Graphic entitled "Explainability" with the "ai" emphasized — Graphic from Canva, altered by Todd Mei

2023 was the year of Artificial Intelligence (AI): from generative AI to the EU’s AI Act, you would have been hard-pressed to miss the avalanche of AI-related news over the past months. Apart from its beneficial applications, AI has dominated media and academic and policy discussions because of the challenges that its development and deployment pose.
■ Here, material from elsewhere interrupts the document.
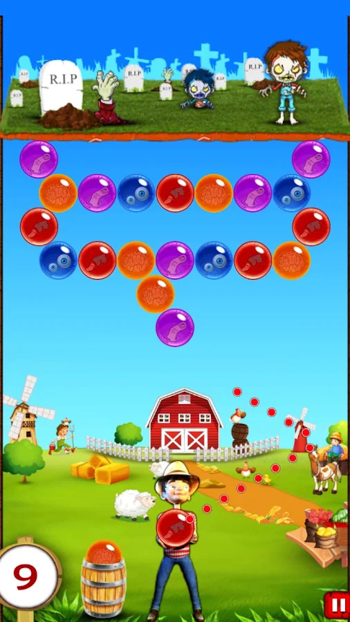 Sam is immersed in an apocalyptic nightmare, stuck in his farm where survival is his only goal. You need to help him make the right choices to stop the outbreak by preventing these “undead” from reaching their vital organs by decapitating them so they won't rise again. How to do it? You need to strategically aim like a sniper, shoot and pair similar bubbles together to destroy them. And just like other shooting games, the trick is to chain combos by utilizing power-ups, and special attacks wisely. Burst higher bubbles to drop lower bubbles from the mass.

Key among these is the challenge of ‘explainability’, implying that, although AI increasingly supports or replaces human decision-making, its outputs are hard to explain.

Introduction to AI

Albeit frequently discussed, the concept of ‘AI’ remains elusive, necessitating an overview of its main features.

First, AI systems consist of algorithms (meaning a series of defined steps to produce a particular output) commonly implemented in computer programs or information systems to analyse data and statistical relations.
Second, AI systems undertake goal-oriented tasks, which are associated with human intelligence, including ‘reasoning, the gathering of information, planning, learning, communicating, manipulating, detecting’.

AI systems could thus be defined as sets of algorithms performing goal-oriented tasks that would otherwise require human intelligence.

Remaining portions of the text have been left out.